I wanted to make a C program that finds the numbers in the input array and then multiplies it all together, I made the program but it got an issue that I don't know, can anybody help me with it!?

Here is the code!

#include <stdio.h>
#include <stdlib.h>

int main ()
{
  char t[10];
  int n, z;
  n = 0;

  printf ("please enter a code: \n");
  scanf ("%s", t);
  while (n != '\0')
    {
      if (isdigit (t[n] == 0))
        {
          n++;
        }
      else
        {
          z = t[n];
          z *= z;
        }
    }
  printf ("%d", z);
}

Answer 1

#include <stdio.h>
#include <string.h>

main()
{
   char a[5] ;
   int b=1, n=0,m=0;
   scanf("%s",a);

   while (n <5 )
   {
       if (!isdigit(a[n])) 
       {
           n++;
           m++;
       }
       else{
           b *= (a[n]-'0');
           n++;
       }
   }

   if(m==5) b=0;
   printf("%d\n",b);

}

Answer 2

Here is updated code.

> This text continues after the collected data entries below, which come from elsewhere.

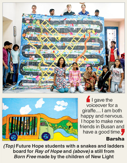 A similar workshop was conducted with around 30 children of Future Hope School and the result was an animation music video, Ray of Hope, on drug addiction. “The participants were mostly kids whose parents work in leather factories and tanneries. Many of them are exposed to or are victims of substance abuse from a very early age. So we tried to show the dangers of addiction through the game of snakes and ladders. The snake represents the life of an addict while the ladder is what one can climb if he/she stays clean,” explained Sayak, the lead vocalist for Lakkhichhara. Ray of Hope is also slated for a screening at BiKi.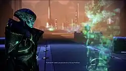 Shepard and asari scientist Liara T'Soni discover an intact stasis pod containing a live Prothean shortly after their arrival in Eden Prime, and must battle Cerberus ground forces as well as interpret archived video footage that contains the necessary codes to open the stasis pod.[2] Following the completion of the mission, the Prothean endling known as Javik joins Shepard's squad; he utilizes a combination of biotic abilities and gunplay in combat.[2] The pack integrates new conversation options, cutscenes, and ambient dialogue involving Javik into the main game.[3] The pack also adds a Prothean-themed energy weapon called a particle rifle, a new biotic ability called Slam, as well as cosmetic options to customize the appearance of all squad members.[2]
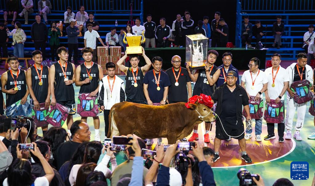 4月11日,获得冠军的凯里市代表队在颁奖仪式上,他们获得的奖品是当地黄牛。新华社记者杨文斌 摄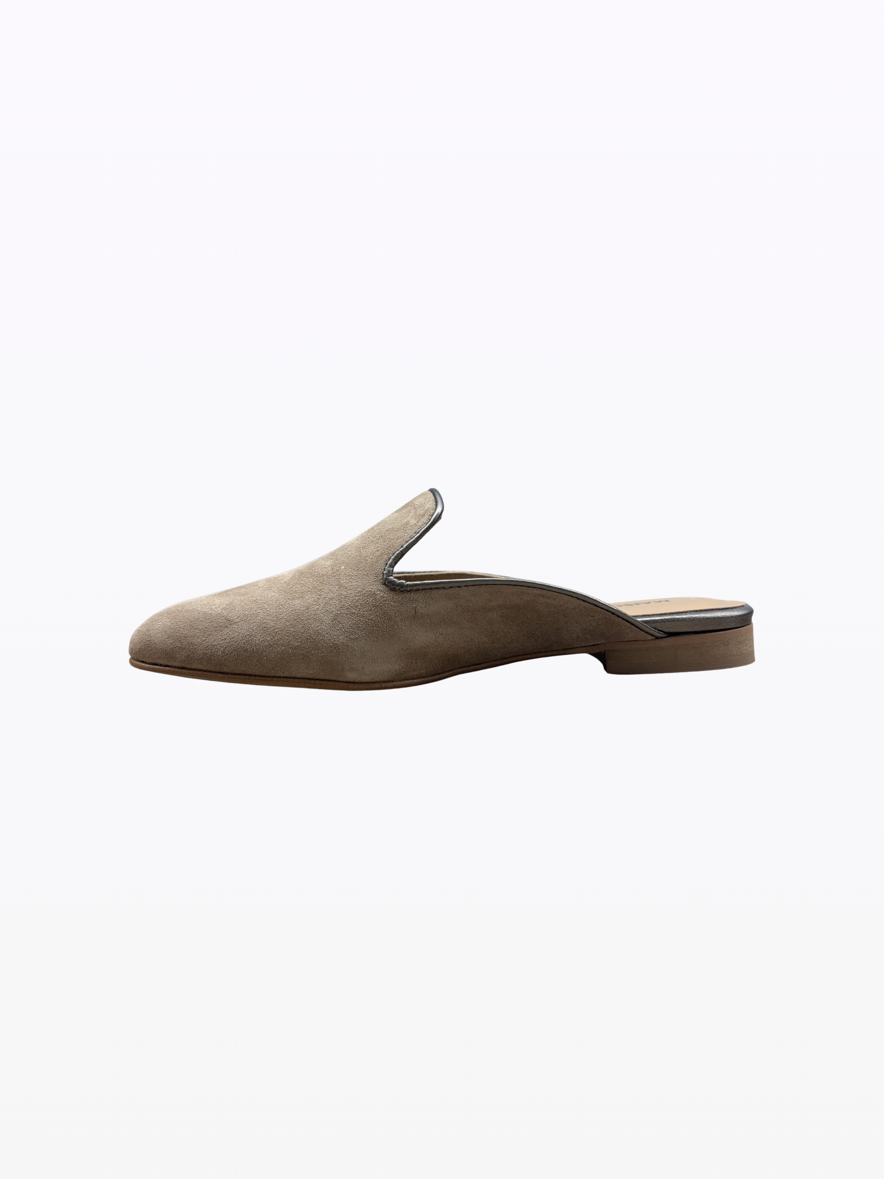 Mules en daim italien. Doublure en cuir. Talon de 2 cm. Semelle antidérapante en cuir.

There is a comment for each bug that needed correction. (Note that the comment describes the intention of the corrected code, it doesn't describe the bug.)

int temp;

z=1;                          // Initialize z
printf ("please enter a code: \n");
scanf ("%s", n);
while (t[n] != '\0') {        // While there are more characters in the string 
  if (isdigit (t[n])) {       // Check if the character is a digit
      temp = t[n] - '0';      // Convert character digit to corresponding number.
      z *= temp;
  }
  n++;
}

Answer 3

z should be initialized to 1. and remove "z = t[n];"

Answer 4

Your first problem is that you don't actually use t in your while loop. Your while loop only uses n which is set to 0 and never modified.

Your second problem is that you may be better off to use scanf("%d", &number); to scan numbers straight away.